45 Phyllis Diller quotes:

"If it weren't for baseball, many kids wouldn't know what a millionaire looked like."
"The reason women don't play football is because 11 of them would never wear the same outfit in public."
"I've been asked to say a couple of words about my husband, Fang. How about short and cheap?"
"My mother-in-law had a pain beneath her left breast. Turned out to be a trick knee."
"I want my children to have all the things I couldn't afford.

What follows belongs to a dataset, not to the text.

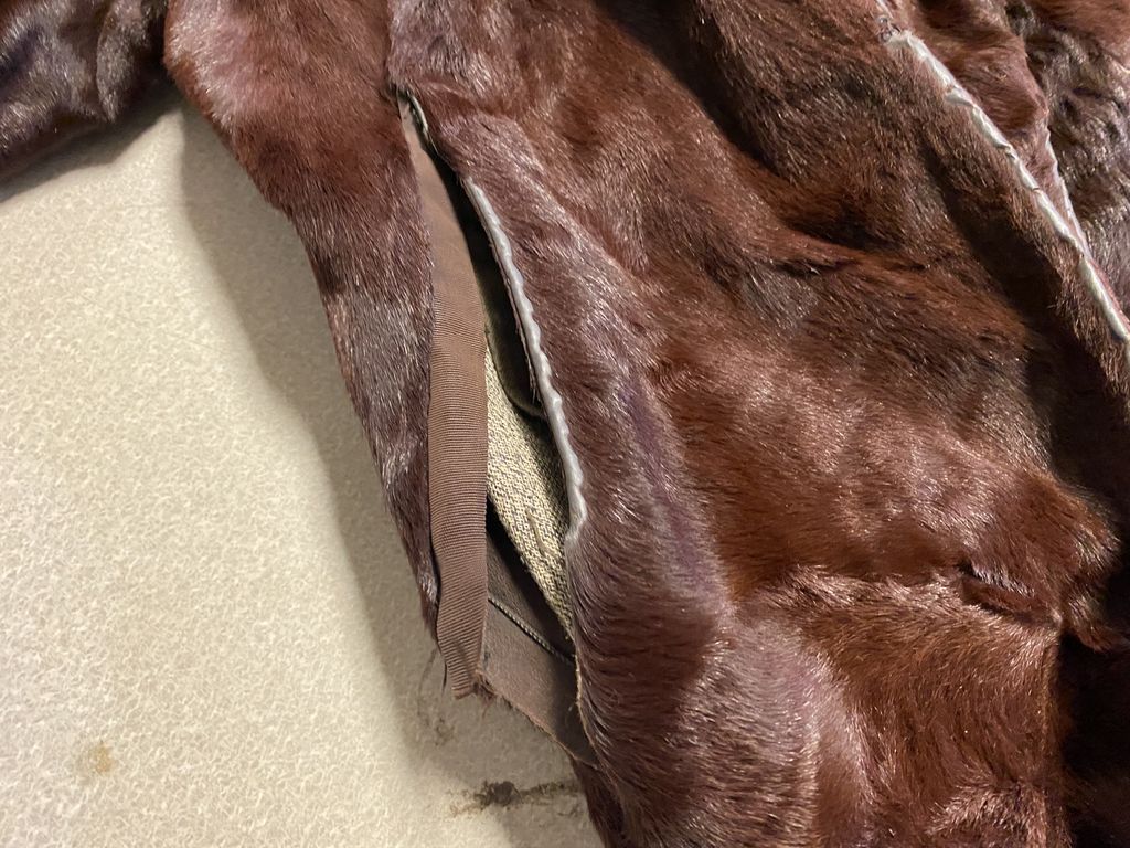 David Green Master Furrier Beaver Long Coat, inside monogrammed lining, has age wear, has some tears. David Green Master Furrier Beaver Long Coat, inside monogrammed lining, has age wear, has some tears.
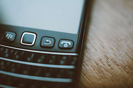 London, United Kingdom - Apr 21, 2013: Vintage image of luxury Blackberry smartphone telephone with full qwerty keyboard - tilt-shift lens used

Then I want to move in with them."
"Old age is when the liver spots show through your gloves."
"Any time three New Yorkers get into a cab without an argument, a bank has just been robbed."
"What I don't like about office Christmas parties is looking for a job the next day."

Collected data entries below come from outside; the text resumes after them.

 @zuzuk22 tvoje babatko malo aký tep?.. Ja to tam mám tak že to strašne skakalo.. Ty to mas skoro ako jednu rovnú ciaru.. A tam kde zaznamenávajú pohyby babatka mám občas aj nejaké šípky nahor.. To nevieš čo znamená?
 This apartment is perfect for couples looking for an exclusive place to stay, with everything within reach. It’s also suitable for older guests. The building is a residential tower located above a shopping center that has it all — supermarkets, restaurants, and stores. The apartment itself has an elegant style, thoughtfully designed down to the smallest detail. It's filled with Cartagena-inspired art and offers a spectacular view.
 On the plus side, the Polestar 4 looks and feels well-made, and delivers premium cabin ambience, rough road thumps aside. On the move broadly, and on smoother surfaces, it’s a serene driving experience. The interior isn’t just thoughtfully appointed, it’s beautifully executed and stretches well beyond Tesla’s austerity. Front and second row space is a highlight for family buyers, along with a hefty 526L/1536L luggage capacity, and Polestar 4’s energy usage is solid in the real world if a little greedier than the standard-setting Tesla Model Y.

"My cooking is so bad my kids thought Thanksgiving was to commemorate Pearl Harbor."
"The reason the pro tells you to keep your head down is so you can't see him laughing."
"Best way to get rid of kitchen odors: Eat out."
"Cleaning your house while your kids are still growing up is like shoveling the walk before it stops snowing."
"I asked the waiter, 'Is this milk fresh?' He said, 'Lady, three hours ago it was grass.'"
"You know you're old if your walker has an airbag."
"Always be nice to your children because they are the ones who will choose your rest home."
"We spend the first twelve months of our children's lives teaching them to walk and talk and the next twelve telling them to sit down and shut up."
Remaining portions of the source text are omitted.